症例35

臨床所見

15歳 女性
要約)浴槽内で児が沈んでいる所を発見。
19:30 自宅にて入浴前に家族が最終無事確認。
19:45 妹が浴槽内で児が沈んでいる所を発見。水面から右膝のみが露出する状態だった。
19:52 救急隊到着時JCS300、瞳孔散大、対光反射消失。
20:00 病院到着時同様、CPA状態。
既往歴)5歳時発症のてんかんに対し内服薬あり。


診断

風呂溺水/てんかん

  • 頭蓋は厚くなっており、抗てんかん薬の影響を疑わせる。
  • 脳は若干小さい。灰白質白質の境界がはっきりしない。

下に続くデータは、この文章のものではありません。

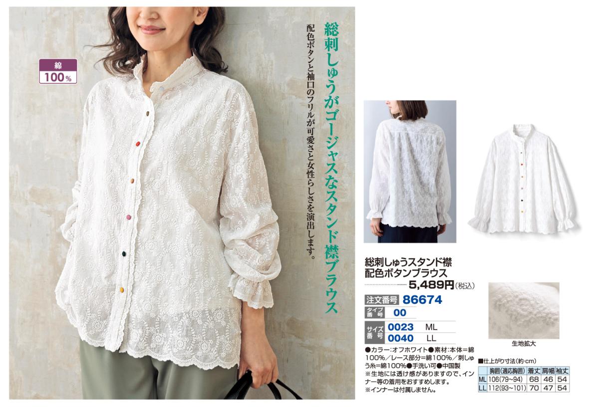 総刺しゅうスタンド襟配色ボタンブラウス
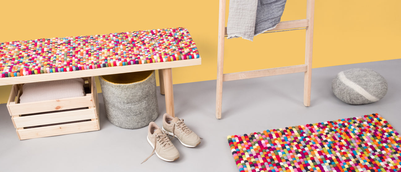 I cuscini per seduta e panca myfelt in feltro arricchiscono il corridoio con la loro morbidezza e lo speciale comfort di seduta. I posti a sedere nel corridoio sono visivamente valorizzati dagli attraenti cuscini in feltro. Disponibili in molti colori e dimensioni diversi, i cuscini della seduta e della panca in feltro possono essere combinati con stile. Sia in un colore caldo naturale che in tonalità forti che attirano l'attenzione: i feltrini convincono anche per la loro lunga durata e la tradizionale lavorazione artigianale. Oltre alle dimensioni standard, myfelt consente anche qualsiasi dimensione personalizzata desiderata per i coprisedili con palline di feltro per un'esperienza di seduta su misura.
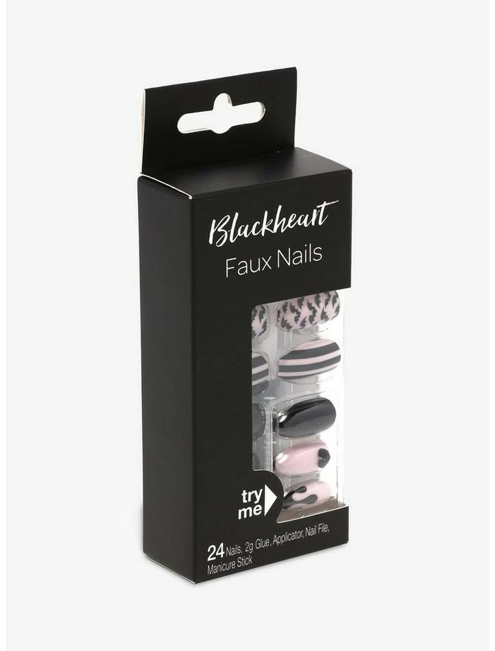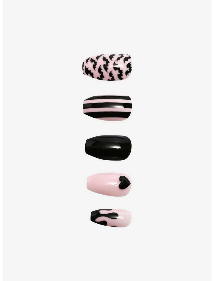 Nothing completes a look like a cute mani! Make your pastel goth dreams come true with this supercute faux nail set! Featuring pastel pink and black designs, including stripes, bats, drips and more! Comes with 24 nails, 1 tube of nail glue, an applicator, nail file and a manicure stick.
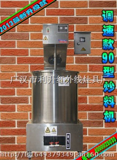 90型:机器大型,机宽93公分,长123公分,整机高175公分。本机器配备的是液化气、天然气、管道气三用节能猛火炉,炉四周封闭为你节约燃气40%左右,火力大小自由调。配用220V、1500瓦单相异步电动机、排烟扇,整机工作1个小时约消耗2度电,配备直径90公分,高60公分不锈钢锅,适合多个中小店面批量炒料,每次炒料在500斤以下的店,不占用厨房空间,移动,清洗方便。适合多人操作尤其是女士操作必须配备帮手,不能单独操作。可作为前厅展示炒料的最佳设备。
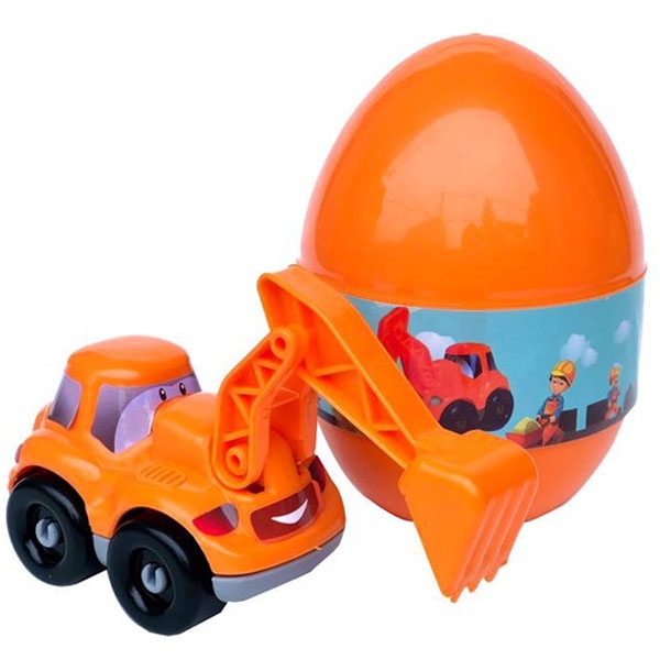 - Đầu tiên bé hãy xoay tròn quả trứng và mở nắp trứng bé sẽ thấy những bộ phận đồ chơi chưa được lắp ráp
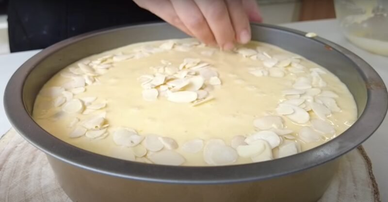 Prieš kepdami paskutinį sluoksnį, galite įdėti migdolų trupinius ant paviršiaus ir po virimo, apibarstytą cukraus trupiniais.
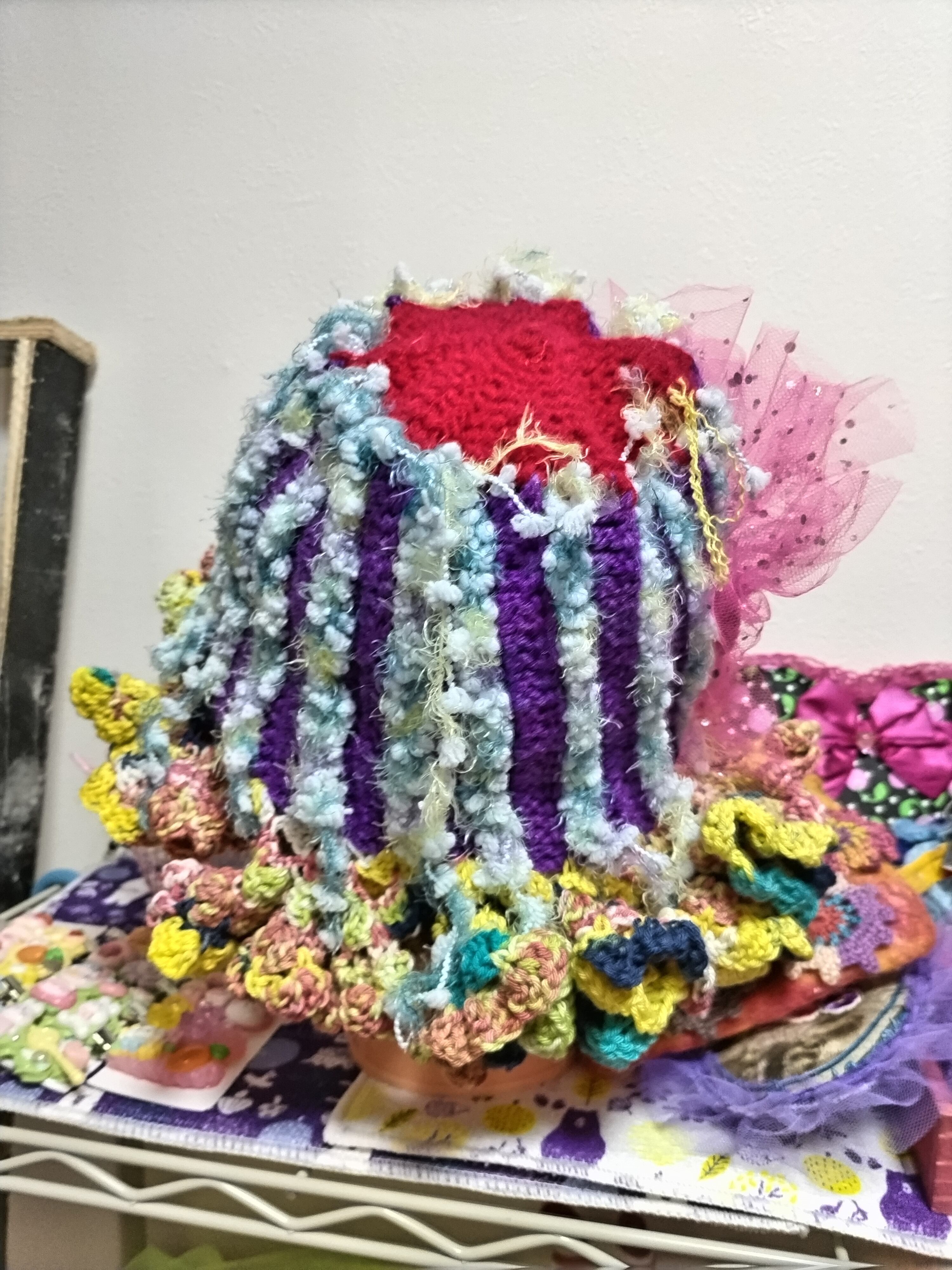 ちょーちょーカラフルなふりふり手編みニット帽子

小脳に比べると大脳が低吸収である。
  • 溺水と考えた場合、虚血がCT上現れるには、約3時間と短い(19:30 生存確認から、22:56CT)ため、何らかの脳症、脳炎などが先行したものと思われる。
  • 扁桃腺が腫大し、内部に空気が点状に存在する。扁桃腺炎と思われる。
  • 上顎洞に少量、蝶形骨洞に中等量の液体貯留があり、溺水に一致する。
  • 肺野の実質陰影は前方部分に多く、うつ伏せでの誤嚥と一致する。
  • 心臓、肝臓のガスは、蘇生後変化と思われる
  • 膵臓周囲の液体や胃壁のガス粒状の低吸収も、蘇生後変化の可能性がある。
  • 皮下脂肪があり、乳腺、両側卵巣があり、栄養状態は良好と考えられる。

画像所見のまとめ

  • うつ伏せ溺水の経過に一致した肺前方部分の浸潤陰影。
  • 上顎洞に少量、蝶形骨洞に中等量の液体貯留があり、溺水に一致する。
  • 扁桃腺炎
  • 栄養状態は良好

担当者名

Ai情報センター(小児死亡事例に対する死亡時画像診断モデル事業登録症例)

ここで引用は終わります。